▶ [Work order] Reproduce the entries below exactly, but only from the line containing "图 1地平线副总裁兼智能驾驶" to the line containing "エコファーハイネックポケットショート長袖マグネットボタンジャケット", inclusive.

▶ [Data records]
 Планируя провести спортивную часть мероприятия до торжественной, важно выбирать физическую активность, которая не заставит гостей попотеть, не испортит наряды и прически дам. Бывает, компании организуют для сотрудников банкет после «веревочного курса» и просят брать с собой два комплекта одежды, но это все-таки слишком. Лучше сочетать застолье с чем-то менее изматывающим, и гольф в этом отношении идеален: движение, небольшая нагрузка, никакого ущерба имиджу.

==

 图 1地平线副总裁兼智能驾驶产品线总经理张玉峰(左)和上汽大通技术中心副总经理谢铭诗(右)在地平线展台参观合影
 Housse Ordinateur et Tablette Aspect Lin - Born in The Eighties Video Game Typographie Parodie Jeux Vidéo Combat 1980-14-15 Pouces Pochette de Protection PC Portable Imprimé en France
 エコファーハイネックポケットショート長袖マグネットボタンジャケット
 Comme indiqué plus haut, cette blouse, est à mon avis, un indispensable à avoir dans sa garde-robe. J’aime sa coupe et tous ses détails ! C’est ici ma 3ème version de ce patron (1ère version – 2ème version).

--

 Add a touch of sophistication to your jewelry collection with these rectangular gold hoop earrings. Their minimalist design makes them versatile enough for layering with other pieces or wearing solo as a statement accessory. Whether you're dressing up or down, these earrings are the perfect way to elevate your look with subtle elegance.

▶ [Problem solution]
 图 1地平线副总裁兼智能驾驶产品线总经理张玉峰(左)和上汽大通技术中心副总经理谢铭诗(右)在地平线展台参观合影
 Housse Ordinateur et Tablette Aspect Lin - Born in The Eighties Video Game Typographie Parodie Jeux Vidéo Combat 1980-14-15 Pouces Pochette de Protection PC Portable Imprimé en France
 エコファーハイネックポケットショート長袖マグネットボタンジャケット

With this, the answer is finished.